Practical checklist before redeploying
Use this checklist when your hosted JSP app does not start:
- Confirm the app server is running
- Check the first error in the log files
- Verify the Java version matches the application build
- Make sure the WAR structure is valid
- Include all required JAR files in
WEB-INF/lib - Validate
web.xmland any startup annotations - Check database credentials and JDBC driver availability
- Review filesystem permissions and writable paths
- Restart the service after applying one change at a time
This approach helps you avoid masking the original error with new changes. In hosted environments, one small correction should be tested before making the next adjustment.
When the issue is in the application, not the hosting platform
Not every startup error is caused by the host or the control panel. Many failures are application-level issues that would occur on any Tomcat server. If the same WAR fails in a local Tomcat installation, the problem is likely inside the code, configuration, or packaging.

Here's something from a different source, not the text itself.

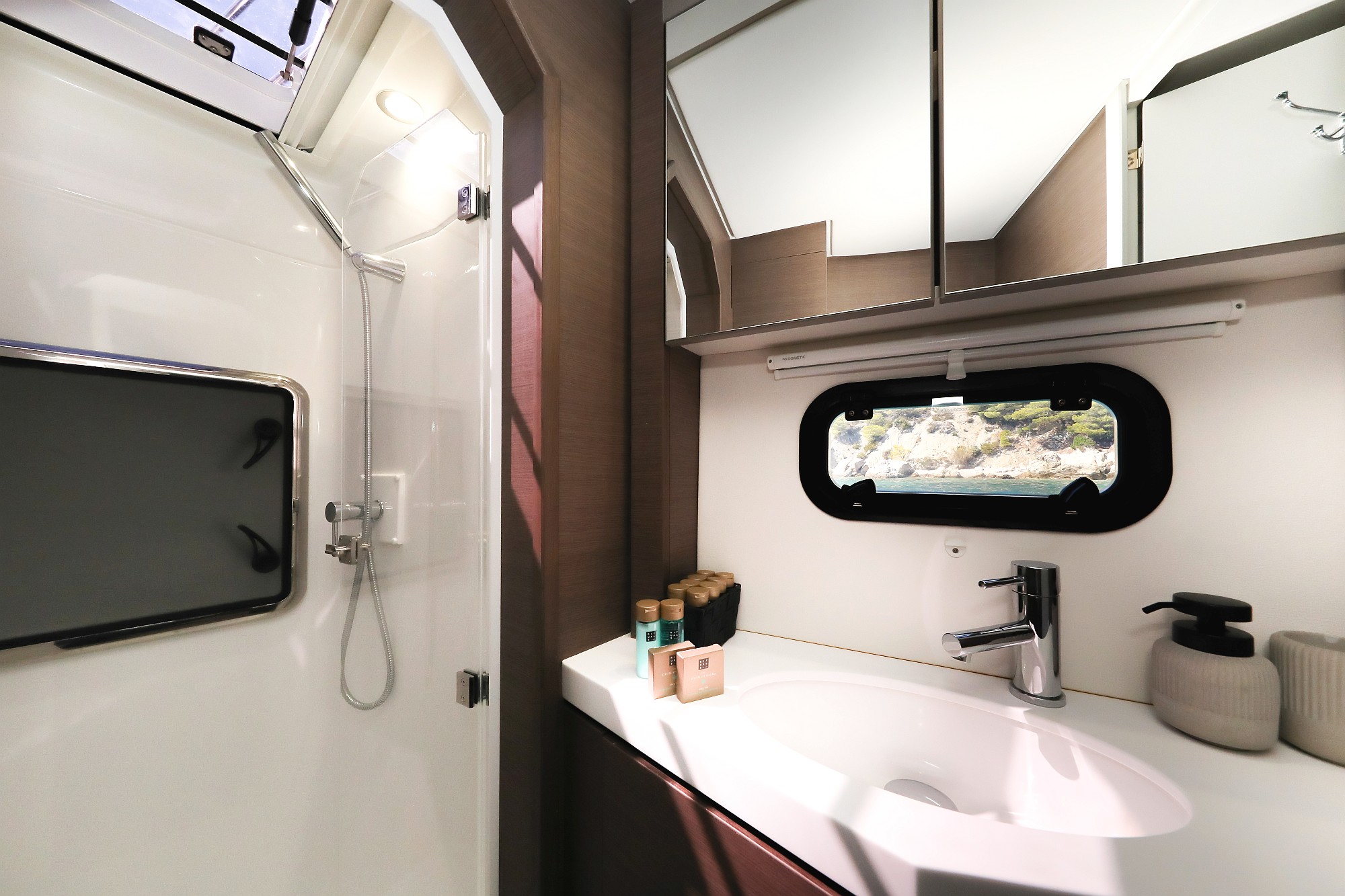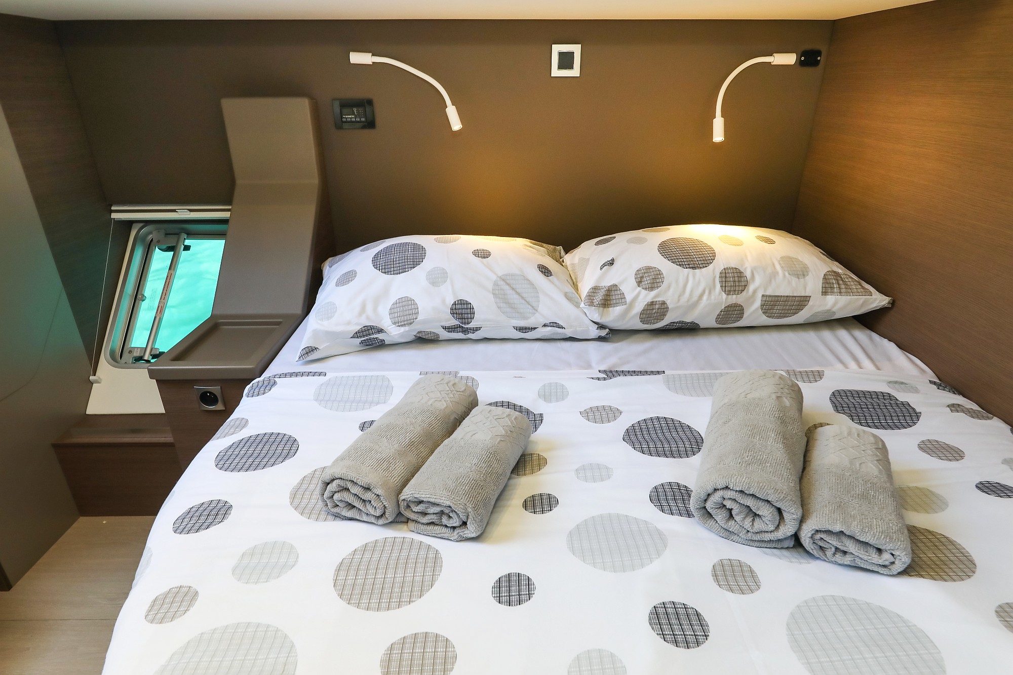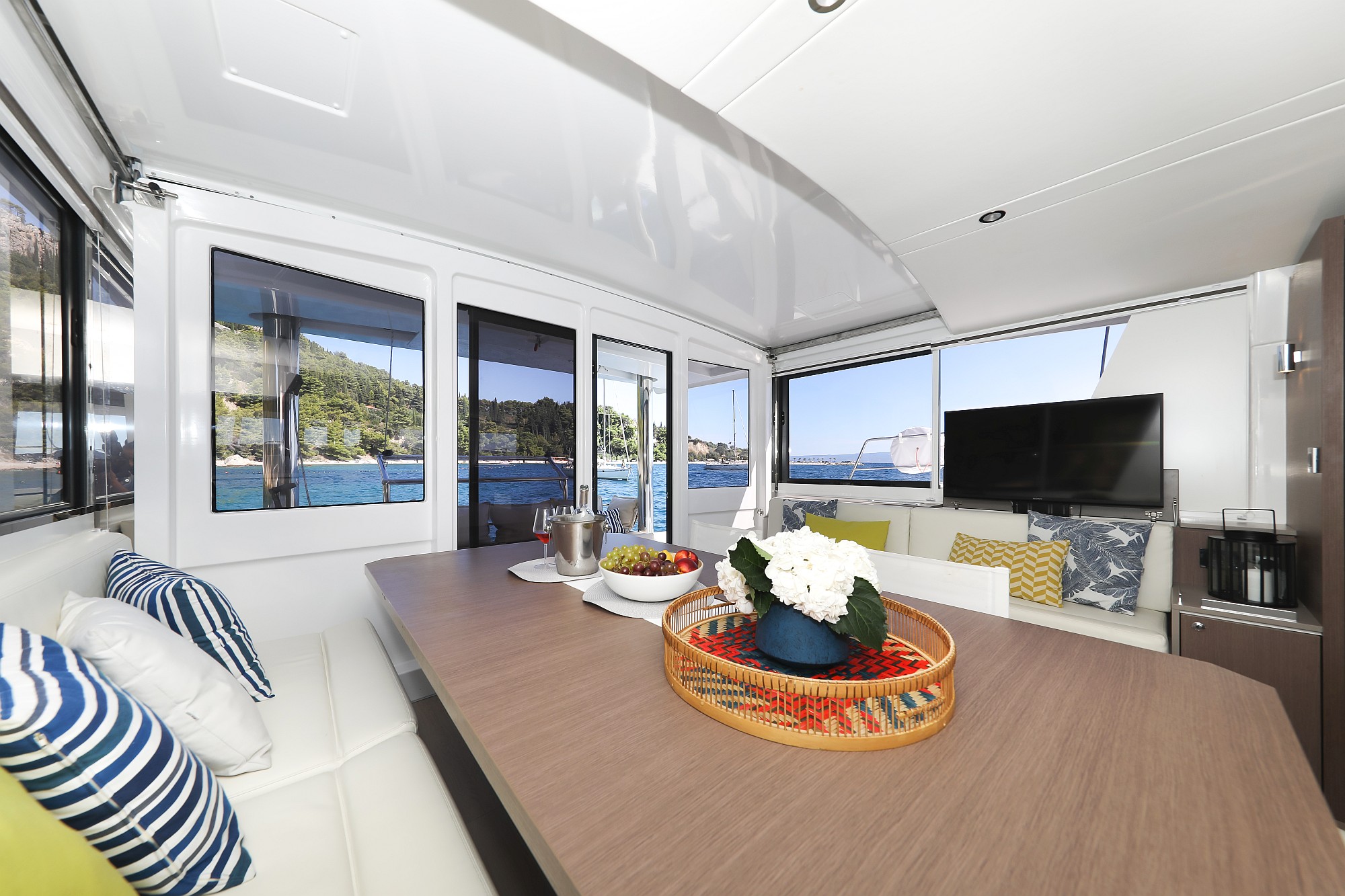 | Inside | Ice cube machine, Gas stove with oven, Freezer, Generator, Heating, Inverter 12V/220V, Coffee machine, Airconditioning (independent from shore power), fridge and freezer, Battery charger, LCD TV, Pantry equipment, Radio with CD player, Warm water, Watermaker |

Common app-side causes include:
- Incorrect servlet initialization logic
- Missing library versions
- Hardcoded environment-specific settings
- Database schema mismatches
- Unsupported framework versions
Hosted JSP troubleshooting works best when you separate platform compatibility from application defects. First confirm the runtime is correct, then inspect the app internals.
FAQ
Why does my JSP app deploy successfully but still fail on startup?
Deployment success only means the files were uploaded and unpacked. Startup can still fail if the app cannot load classes, connect to a database, parse configuration files, or initialize a servlet or listener.
What is the most common startup error in hosted Tomcat JSP apps?
The most common issues are Java version mismatches, missing JAR dependencies, broken WAR packaging, and invalid web.xml configuration. These are usually visible in the logs right after startup begins.
Should I bundle all libraries inside the WAR?
In most hosted JSP environments, yes. Bundling the required libraries inside the WAR makes the application more portable and reduces dependency on server-wide shared components.
How do I know if the problem is Tomcat or my application?
If Tomcat itself does not start, the issue is likely server-side. If Tomcat starts but your app fails, the problem is usually in the application package, configuration, or runtime compatibility.
Can a database problem stop a JSP app from starting?
Yes. If the application opens a database connection during initialization and that connection fails, startup may abort or the app may remain unavailable.
What should I check first after a failed restart?
Check the logs first, then verify the Java version, then confirm the WAR package and dependencies. These four areas cover most startup failures in hosted JSP applications.
Conclusion
Startup errors in a hosted JSP app are usually caused by a small set of predictable problems: Java incompatibility, missing libraries, packaging errors, configuration issues, or database connectivity failures. In a managed hosting environment with Plesk and My App Server, you can troubleshoot most of these issues by checking service status, reviewing logs, validating the deployment package, and matching the app to the correct Java/Tomcat runtime.
If you isolate the first error and test one change at a time, you can usually restore the application without needing a full rebuild of the hosting setup. For JSP, servlet, and Tomcat applications, a clean WAR package, correct Java version, and complete dependency set resolve most startup failures.